#### [What you are asked to do]
Using the data below, reproduce exactly the lines from the line with "カフェカーテン 突っ張り棒 ポール通し" to the line with "布達(dá)拉宮管理處維修科工作人員在噴灑涂料(10月30日攝)。新華社記者 晉美多吉 攝", both included; pictures must be dropped.

#### [Supplied entries]
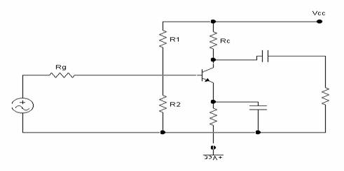 AV=V01/Vg=[I(Rc||RL)] / [[(RB||Ri,T+Rg)/(RB||Ri,T)][Vbe+RF(Vbe/rp -I)]] (1)
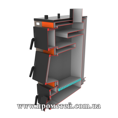 Конструкцией предусмотрен развитый теплообменник, состоящий из двух полок. Благодаря этому дымовые газы отдают дополнительно тепло в систему отопления (повышая КПД), а не вылетают сразу в дымовую трубу. Для чистки теплообменника предусмотрена отдельная дверца в верхней части котла.
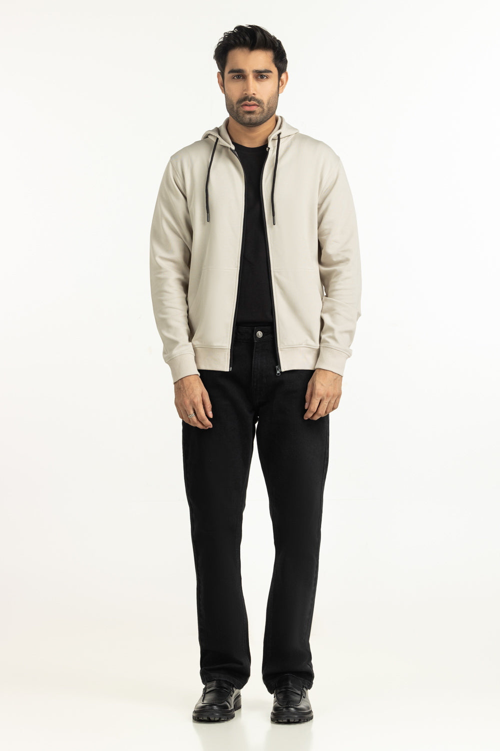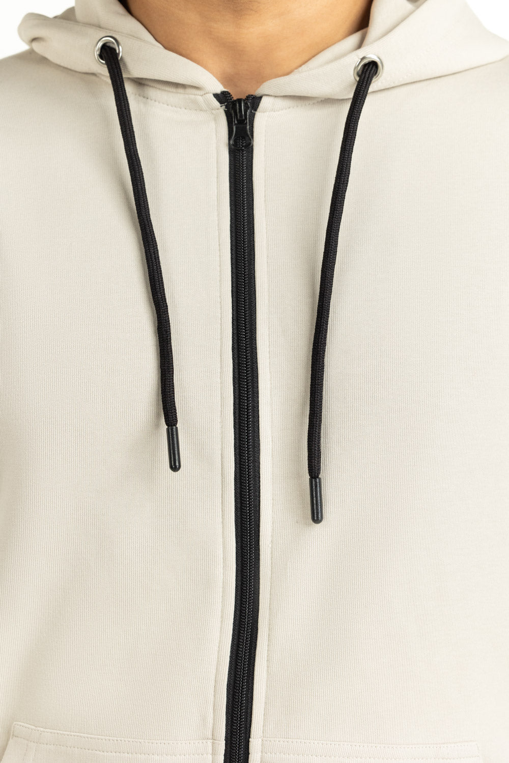 Minimal in design, maximal in comfort. This stone-grey sweatshirt with a zipper front and hood provides a cozy yet polished look that fits seamlessly into modern routines.
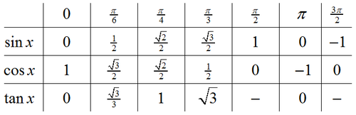Noen viktige verdier av sin x, cos x og tan x på tabellform
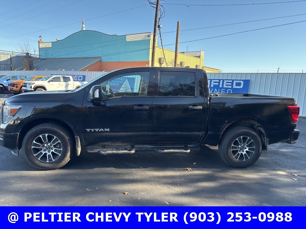 CARFAX One-Owner. Clean CARFAX. Super Black 2024 Nissan Titan SV 4WD 9-Speed Automatic 5.6L V8 DOHC 32V LEV3-ULEV70 400hp. Recent Arrival! Odometer is 523 miles below market average! Only at Peltier Chevrolet in Tyler, near Mineola, Longview, Jacksonville, and Lindale.
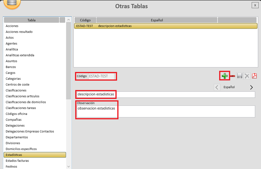 Para crear una estadística, es necesario hacer clic en el icono de la cruz verde (símbolo “+”) y cumplimentar los datos requeridos. El campo Código es obligatorio y admite una longitud máxima de 10 caracteres. Los campos Descripción y Observaciones son de texto libre.
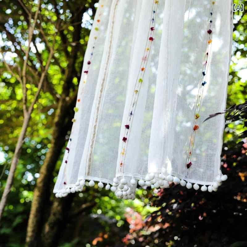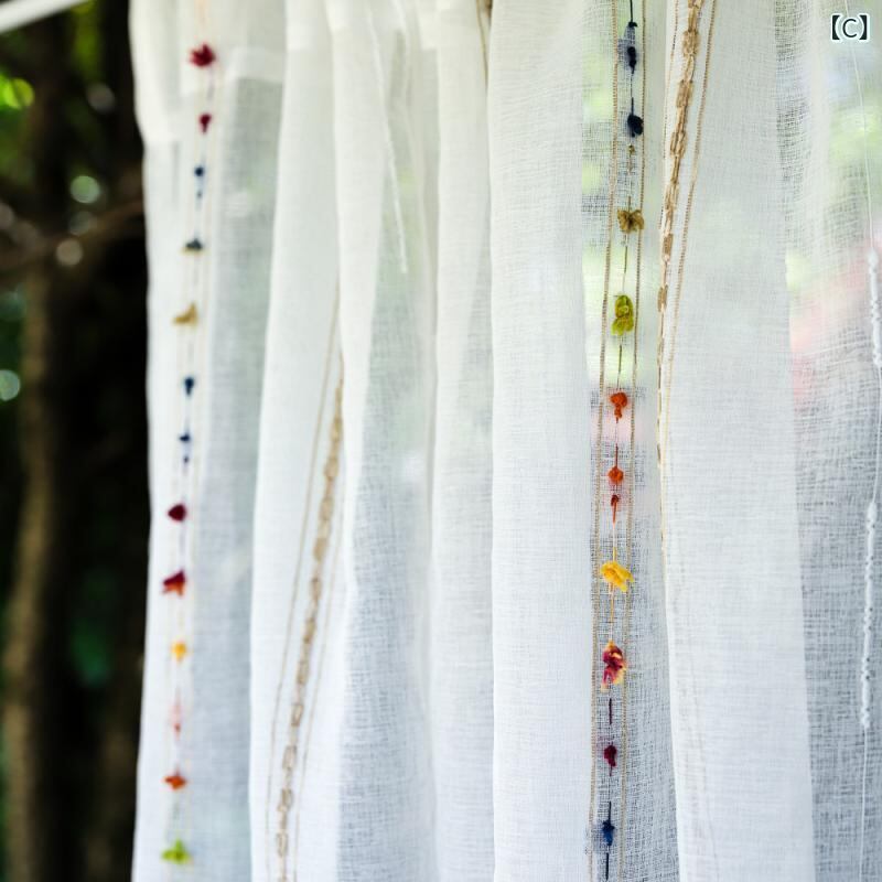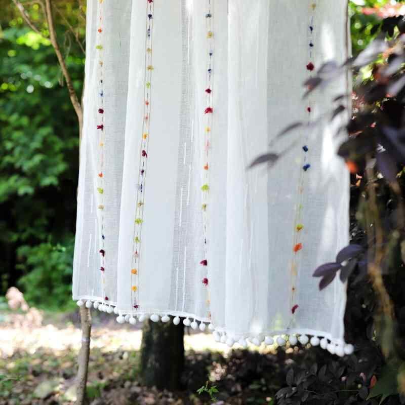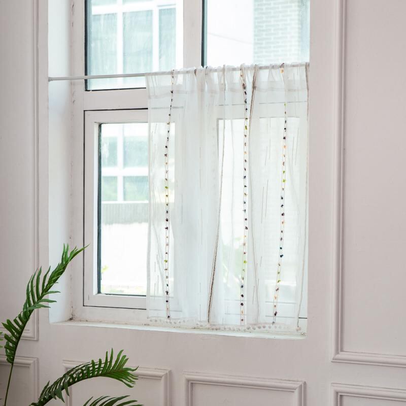 カフェカーテン 突っ張り棒 ポール通し 目隠し 間仕切り 玄関 廊下 キッチン リビング 北欧風 ナチュラル シンプル レース シアー カラフル ドット柄 光を通す 小窓用 おしゃれ
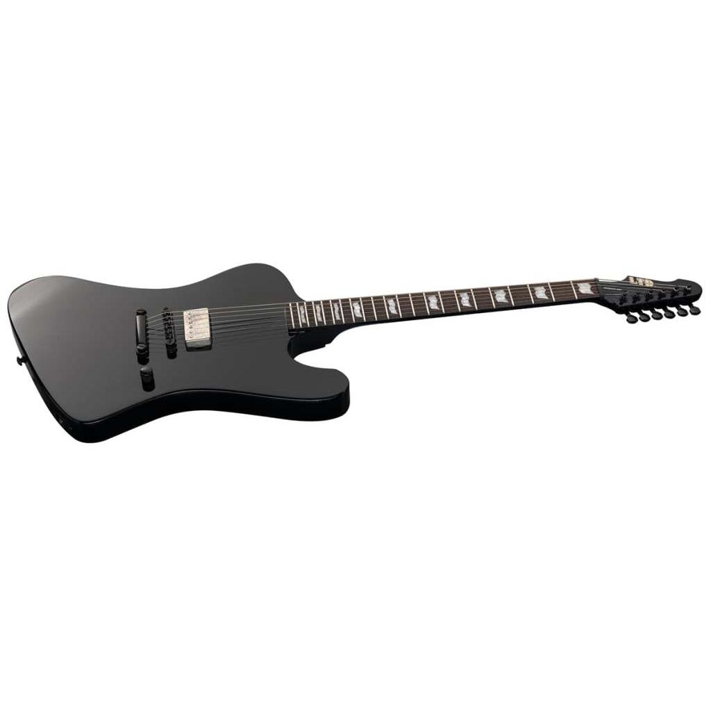 Gitara LTD Phoenix-201 w wykończeniu na wysoki połysk w kolorze czarnym ma konstrukcję typu set-neck o skali 25,5”, korpus z mahoniu i trzyczęściową szyjkę z mahoniu, podstrunnicę z palisandru, 22 progi extra-jumbo, czarny osprzęt, mostek i strunnik LTD oraz pojedynczy przetwornik ESP LH-150B przy mostku z osłoną z antycznego niklu i rozłączaniem cewek za pomocą sterowania push-pull.
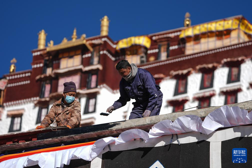 布達(dá)拉宮管理處維修科工作人員在噴灑涂料(10月30日攝)。新華社記者 晉美多吉 攝
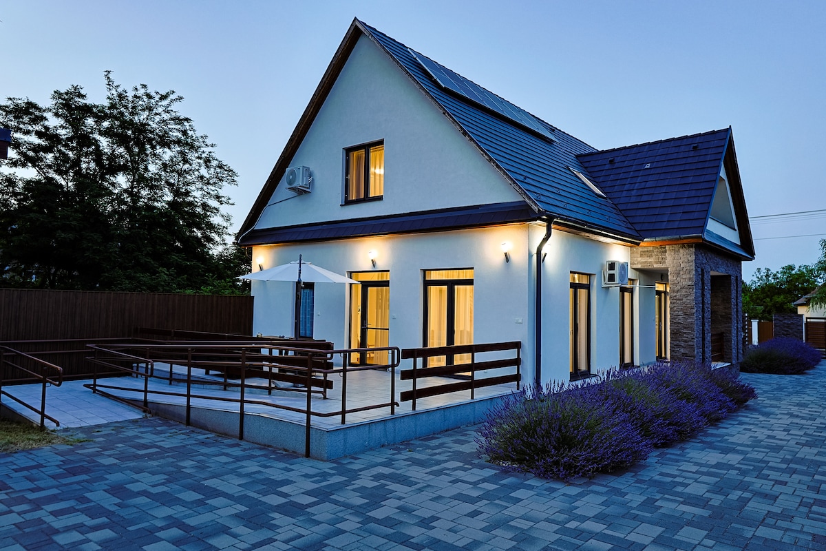 Discover a serene escape for your entire family at this peaceful home. This spacious house features a large yard, perfect for enjoying green grass and beautiful trees, or for playing on the paved area. Conveniently located just minutes from the supermarket, and a short 10-minute drive from the Zoo and Aquapark, this cozy house is an ideal choice. It comfortably accommodates up to eight guests and offers parking for two cars in the yard.
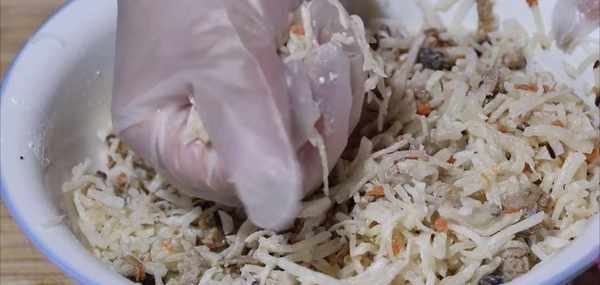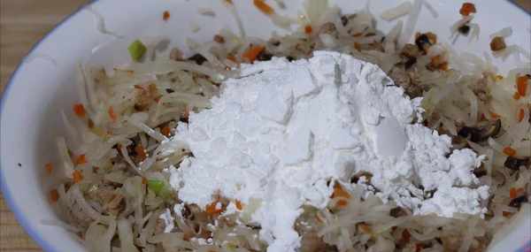 8:放入炒好的配菜,充分攪拌均勻,再加土豆淀粉,繼續攪拌均勻。
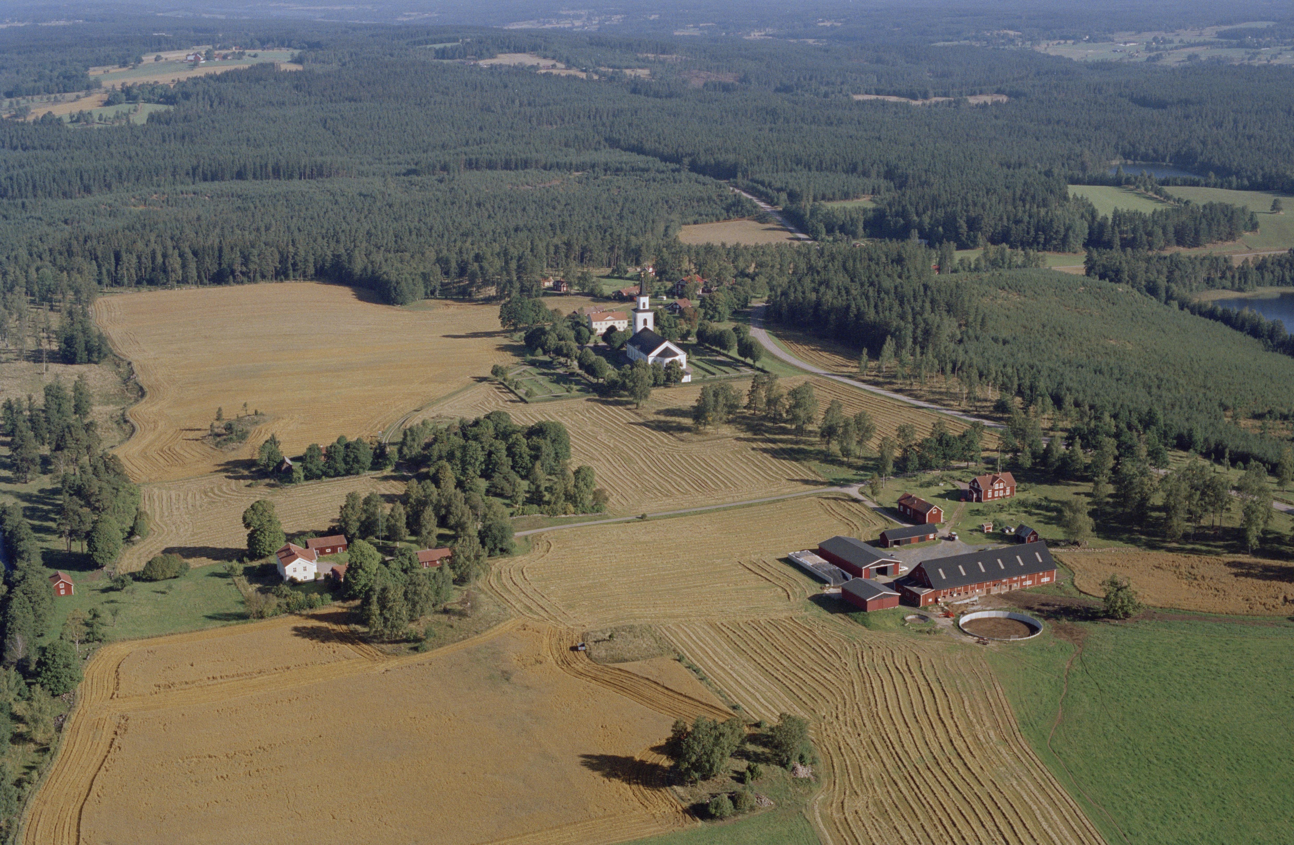 Beskrivning: Flisby kyrka och kyrkby. Bilden är tagen mot (väderstreck): N
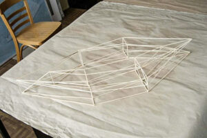 Die geplante Installation besteht aus sechs „Bienentischen“, die in einer annähernd würfelförmigen Anordnung (ca. 3 x 3 x 3 m) aufgestellt werden. Jeder Tisch hat einen Durchmesser von 60–80 cm und eine Höhe von 30–40 cm. Die Tische sind aus Altholz gefertigt und mit alten Brettern, Stöcken, Reisig, Leinen und Erde gestaltet, sodass eine strukturreiche, natürliche Oberfläche entsteht. Darauf wachsen verschiedene bienenfreundliche Pflanzen, die den Wildbienen Nahrung und Lebensraum bieten.
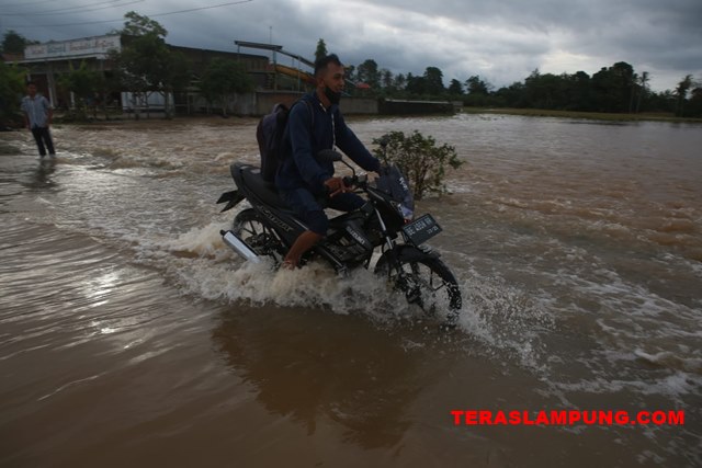 TERASLAMPUNG.COM, LAMPUNG SELATAN—Hujan intensitas tinggi yang mengguyur wilayah Kecamatan Sidomulyo, Katibung dan Candipuro, Kabupaten Lampung Selatan, mulai Rabu malam sekira pukul 22.00 WIB hingga Kamis pagi (27/10/2022), menyebabkan ratusan rumah warga terendam banjir hingga menelan korban jiwa serta beberapa akses jalan utama tidak bisa dilalui kendaraan.
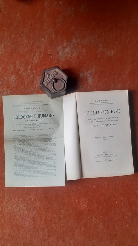 L'ouvrage, paru à l'origine à Florence (Ologenesi. 1918). Le zoologiste italien Daniele Rosa (1857-1944) propose une nouvelle théorie de l'évolution et de la distribution géographique des êtres vivants. Elle a inspiré l'anthropologue suisse Montandon, qui l'a appliquée aux êtres humains (on joint le "prière d'insérer" du livre du Dr Georges Montandon "L'ologénèse humaine (Ologénisme)"
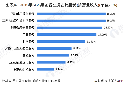 再以全球TIC行業(yè)的龍頭機(jī)構(gòu)為例,2019年,瑞士SGS集團(tuán)的業(yè)務(wù)板塊中,創(chuàng)收能力排名前五的業(yè)務(wù)中,涉及傳統(tǒng)領(lǐng)域的石油化工檢測(cè)服務(wù)、農(nóng)產(chǎn)食品及生命科學(xué)服務(wù)和礦產(chǎn)服務(wù),合計(jì)占比全年?duì)I業(yè)收入的比重超40%。而在法國(guó)BV集團(tuán)的業(yè)務(wù)板塊中,涉及傳統(tǒng)領(lǐng)域的業(yè)務(wù)營(yíng)收占比也接近50%。
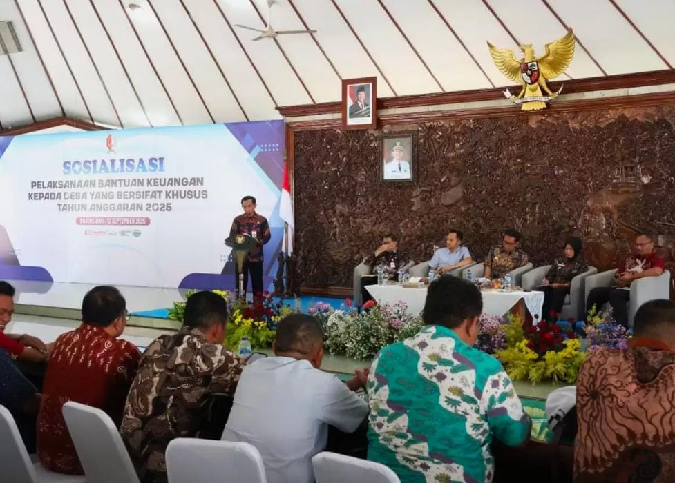 Pemerintah Kabupaten Bojonegoro mengadakan sosialisasi pelaksanaan Bantuan Keuangan Kepada Desa (BKK Desa) tahun anggaran 2025 di Pendopo Malowopati, Jumat (12/9/2025).
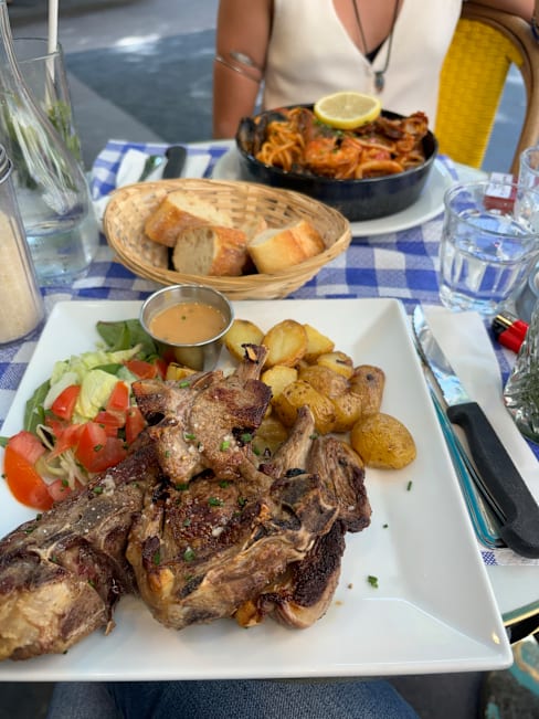 10/10+1This was the perfect spot for the sunset, you could see from between the buildings while sitting outside! nice food I personally chose a steak! but the starter burrata was also nice! Good quality and wine, the waiter was really welcoming! and the Creme Brule was cherry on top at the end!
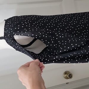 Max Studio Size XS Black with White Polka Dot Split Sleeve with Tie End Blouse, Excellent Used Condition. No Holes, Rips, Stains or Snags. Suepr Cute Black Round Neck Blouse with 3/4 Length Sleeves Split from Shoulder. Tie Detail at Cuffs. Keyhole back with Button Closure. Please refer to measurements in photos to ensure proper fit. Shown on size 4-6 Mannequin.
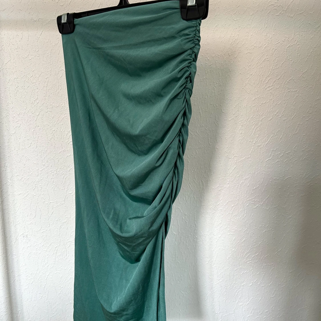 En super vacker grön/blå silkes kjol men ett tjockare tyg som ger en fin form, scrunch och slits på sidan. Aldrig använd
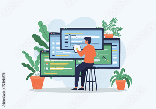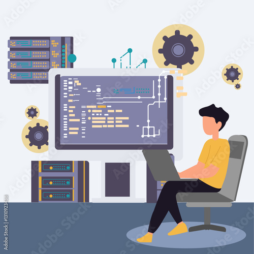 Webpage under construction. System administrators troubleshooting web site page error, flat vector illustration. Website repair services.

#### [Task answer]
 カフェカーテン 突っ張り棒 ポール通し 目隠し 間仕切り 玄関 廊下 キッチン リビング 北欧風 ナチュラル シンプル レース シアー カラフル ドット柄 光を通す 小窓用 おしゃれ
 Gitara LTD Phoenix-201 w wykończeniu na wysoki połysk w kolorze czarnym ma konstrukcję typu set-neck o skali 25,5”, korpus z mahoniu i trzyczęściową szyjkę z mahoniu, podstrunnicę z palisandru, 22 progi extra-jumbo, czarny osprzęt, mostek i strunnik LTD oraz pojedynczy przetwornik ESP LH-150B przy mostku z osłoną z antycznego niklu i rozłączaniem cewek za pomocą sterowania push-pull.
 布達(dá)拉宮管理處維修科工作人員在噴灑涂料(10月30日攝)。新華社記者 晉美多吉 攝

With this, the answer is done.